Monday, January 08, 2007

Against Mock-Stoic Muggers

Many of the people who are angry at or even hate Mr. Bush have very good reasons, and they are not making arguments for anger but are making impassioned arguments against an abominable and awful administration. If those arguments put off many “moderates” and the like, it is because our political culture has almost certainly become too pathetically nice and has been completely sapped of the kind of vigour that once made politics the sort of rough-and-tumble affair in which decent men would not have wanted women to participate because of its harshness.

Nowadays we have the ludicrous Speaker of the House having photo-ops of children holding the Speaker’s gavel and the President talking about how much he cares about this or that suffering group.
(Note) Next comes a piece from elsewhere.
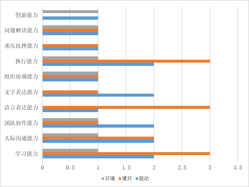 2018 届毕业生就业工作结束后,我院通过接待用人单位招聘、寒假期间走访用人单位、毕业生等途径,积极了解用人单位和毕业生(校友)对我院人才培养、就业教育等工作的意见建议,调查并总结了单位招聘时注重的毕业生能力,其中包括学习能力、创新能力、人际沟通能力、团队协作能力等。由下表可知,建环专业招聘单位更为注重学习能力、语言表达能力、执行能力;能动专业较为注重学习能力、团队协作能力、人际沟通能力、文字表达能力、执行能力;环境工程专业注重学生综合能力,可以得出结论,在校生应注重培养自主学习能力,锻炼自己的语言表达能力,加强团队协作,有合作意识,为以后的就业打下良好的基础。
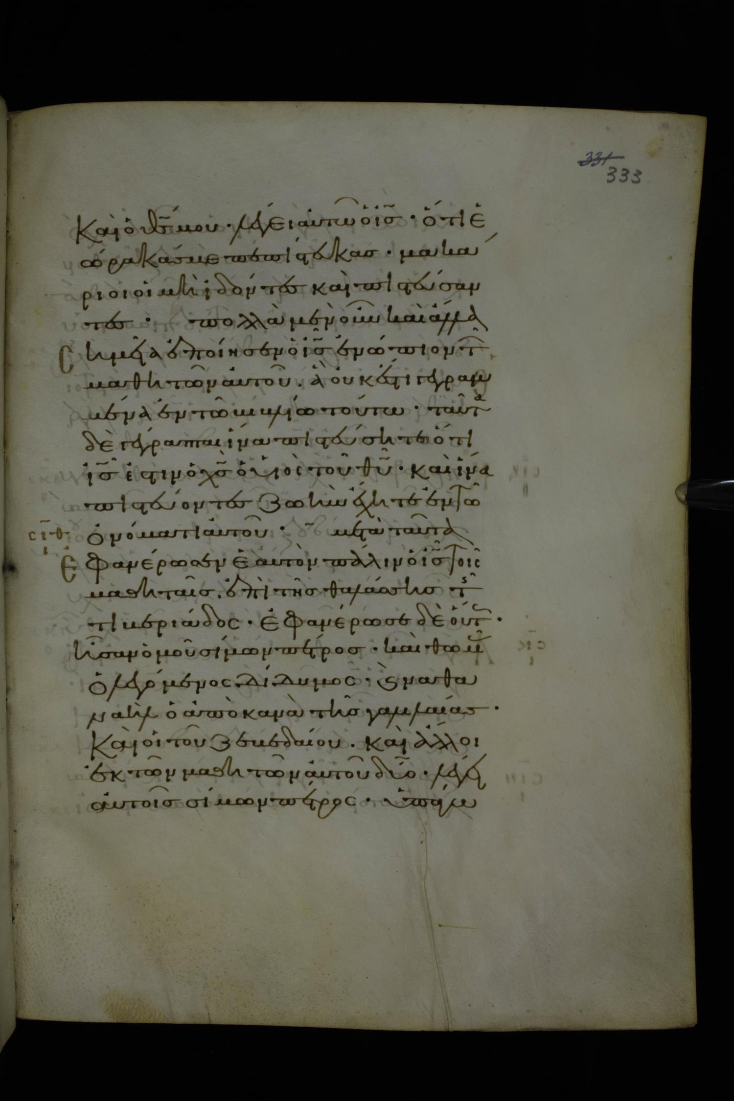 Eleventh century minuscule of Gospels on parchment; 370 leaves, 1 column, 20 lines per column. Images were taken at the National Library of Greece in Athens.

The endless appeals to bipartisanship, the constant flow of saccharine rhetoric and the nauseatingly cheerful ranks of professional politicians tell me that our political culture is so far from being flooded with anger that it isn’t even funny. For those who, like Mr. Wood, think we live in an age of considerable political anger and fear its culturally destructive effects, I will point them to the bizarre enthusiasm for Barack Obama, who always offers the sickening “let’s bring people together” pap and embodies the tiresome ”I understand your valid concerns” style of disingenuous politicking. [...] Personally, I regard this treacly, meaningless kind of political appeal as a far more serious threat to the quality of our political discourse than legions of bitter Kossacks shouting themselves hoarse with contempt for the GOP. The Kossacks and the like may not have much to say, but they do say something. Politicians operating in the Obama style have nothing to say and actually seem proud that they deal in such empty banter.
Daniel Larison

On occasion I wonder what Ambrose Bierce, author of The Devil's Dictionary, would deride in modern life were he expanding his lexicon today. My favored entry for "extremist" runs:

"Extremist: a person disdained by major political and media figures."

Prompted by the above attack on mock-stoic muggers, I invent another entry:

"Angry Man: Person whose face cannot display an airbrushed smile for the television cameras."